Look below for the line with "著名的天文学家Heveliu", then repeat it and all lines after it, exactly, minus any pictures.

---

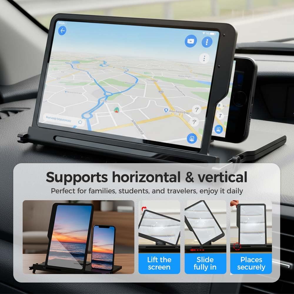 2026 New Portable Mobile Phone Screen Magnifier, Upgrade Foldable Mobile Phone Holder with Screen Amplifier, 3D HD Magnifying Projector Screen for Movies Videos Gaming (1)
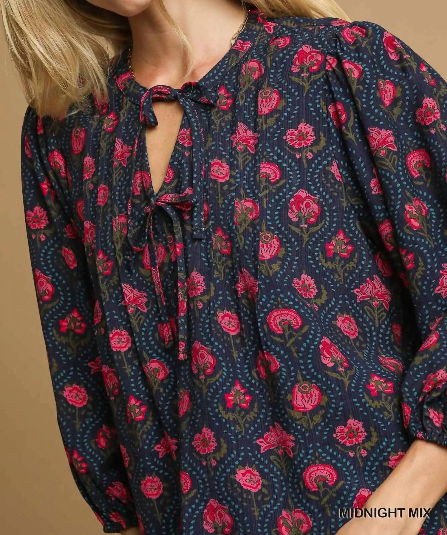 A versatile blouse that works from desk to dinner! Embrace a fresh and playful vibe with the Umgee Mix Floral Pintuck Top, a delightful addition to your spring wardrobe. This women's blouse features three-quarter sleeves crafted from 80% Rayon, 20% Nylon, offering a lightweight feel perfect for the season. The eye-catching multi-color floral pattern is complemented by a V-neckline that plunges into a charming keyhole detail. Designed with a tie closure for added flair, this top is machine washable and should be line dried to maintain its breezy, bohemian charm. Ideal for a holiday party or Easter gathering, it exudes effortless style and charm.
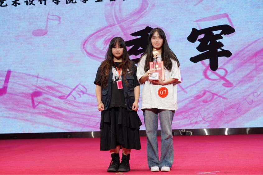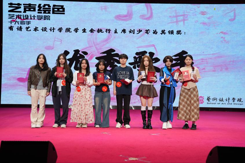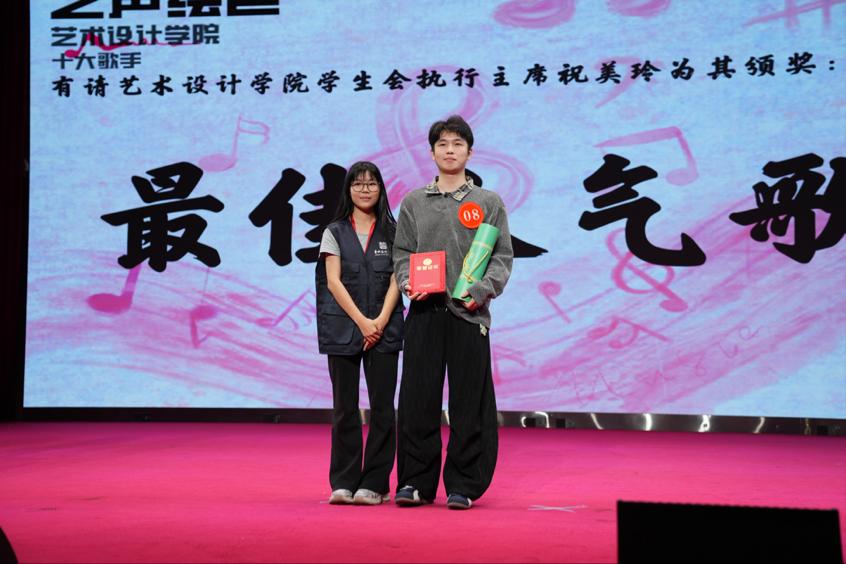 艺术设计学院团总支学生会主席刘少芬师姐为优秀歌手颁奖。
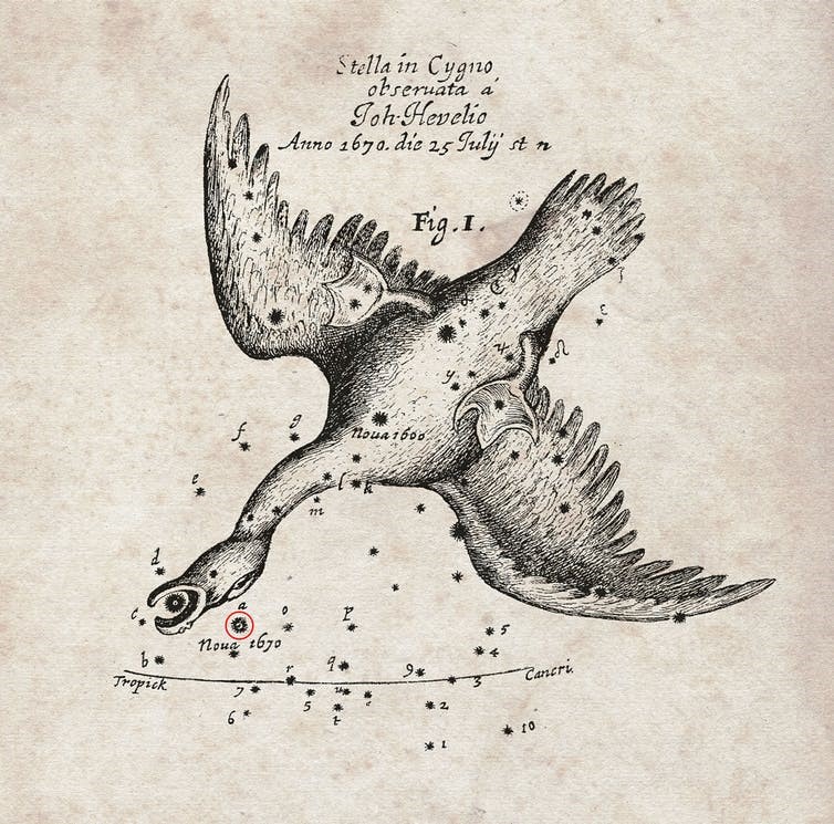 著名的天文学家Hevelius在这幅图中记录了“新星”的位置(红色标记的地方),英国皇家天文学会发表了该发现。CC BY-SA
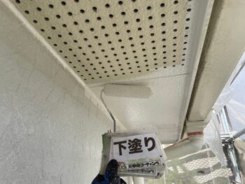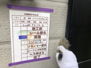 Y様邸ではベランダ床面の防水塗装作業を行いました。
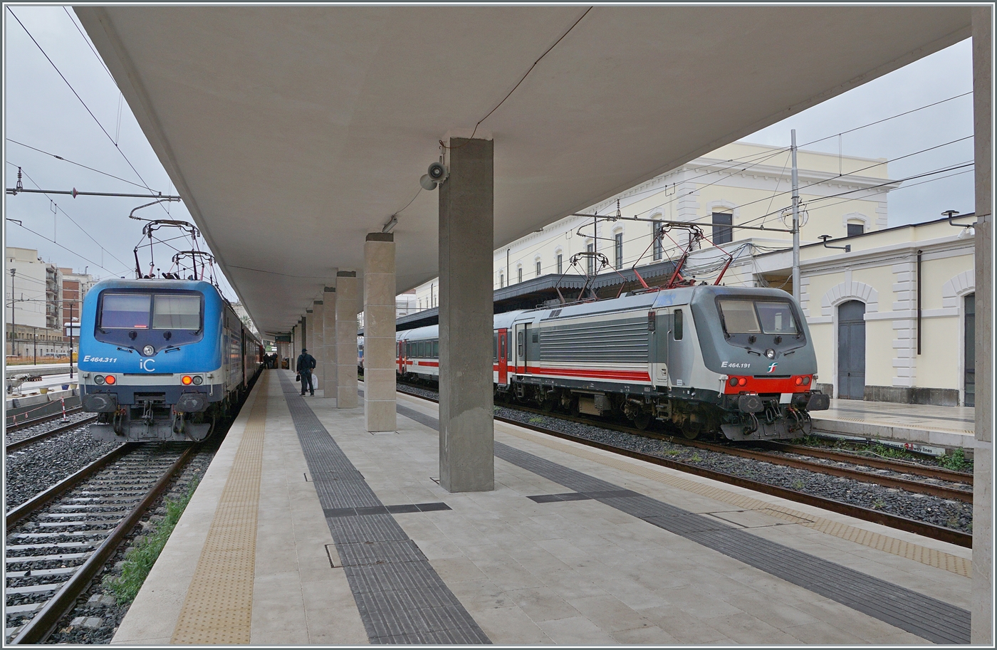 Während in Siracusa links im Bild die FS Trenitalia E 464.311 (und eine weiteren Lok an der Zugsspitze) mit ihrem Nachtzug aus Roma Termini ihr Ziel erreicht haben, stellt rechts im Bild die FS Trenitalia E 464 191 ihren iC 724 nach Roma bereit.

---

→ **SOLVED EXERCISE**:
 著名的天文学家Hevelius在这幅图中记录了“新星”的位置(红色标记的地方),英国皇家天文学会发表了该发现。CC BY-SA
 Y様邸ではベランダ床面の防水塗装作業を行いました。
 Während in Siracusa links im Bild die FS Trenitalia E 464.311 (und eine weiteren Lok an der Zugsspitze) mit ihrem Nachtzug aus Roma Termini ihr Ziel erreicht haben, stellt rechts im Bild die FS Trenitalia E 464 191 ihren iC 724 nach Roma bereit.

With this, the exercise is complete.